COMPARING THE MECHANICAL PROPERTIES OF CLL B-CELLS WITH HEALTHY B-CELLS USING ATOMIC FORCE MICROSCOPY

Chronic lymphocytic leukemia (CLL), the most common leukemia in Western countries, is characterized by the clonal proliferation and accumulation of B-cells lymphocytes in the blood, bone marrow, lymph nodes, and spleen. CLL cells resemble normal lymphocytes under the microscope; however some cells are fragile when smeared onto a glass slide, giving rise to many broken cells, which are called "smudge" cells. The appearance of smudge cells suggests that the mechanical properties of malignant B-CLL cells are altered. Investigation of changes in cell membrane mechanical properties can provide better understanding of biophysical changes in leukemia cells, such as deformability, spreading of the cells, and interaction with microenvironment.

Atomic force microscopy (AFM) has become an important tool for quantifying mechanical properties of various biological materials. The aim of this research is to characterize the mechanical properties of malignant B-CLL cells in comparison with healthy B-cells using the AFM instrument.
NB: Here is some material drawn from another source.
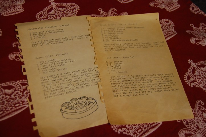 I have a cookbook like that; it’s fondly and simply called “The Frazier Family Cookbook.” The pages are yellowed and falling out of the book, but it is still wonderful to look through and try out what the women in the family cooked when my generation was still in diapers. Here are a couple of the pages that have fallen out. Winnie is my husband’s grandmother (she went by “Mammy”), who passed away in 1986, I believe. I never got to meet her. Connie was one of her daughters-in-law.

A ficoll gradient and negative selection of B-cells were used to isolate B-cells from blood samples. AFM was used to measure the Young modulus of a single cell trapped in micro wells made by lithography.

For the healthy B-cells, we measured 50±16 Pa for the cell surface and 188±60 Pa for internal cell components (n = 40). The Young modulus for the B-CLL was 85±39 Pa for the cell surface, and 329±159 for the internal cell components (n=31).

Our results demonstrate that malignant B-CLL cells have lower Young modulus than healthy B-cells for both the cell surface and internal components. This may indicate a lower elasticity of malignant cells, and provide insight on the dynamics of B-CLL smearing.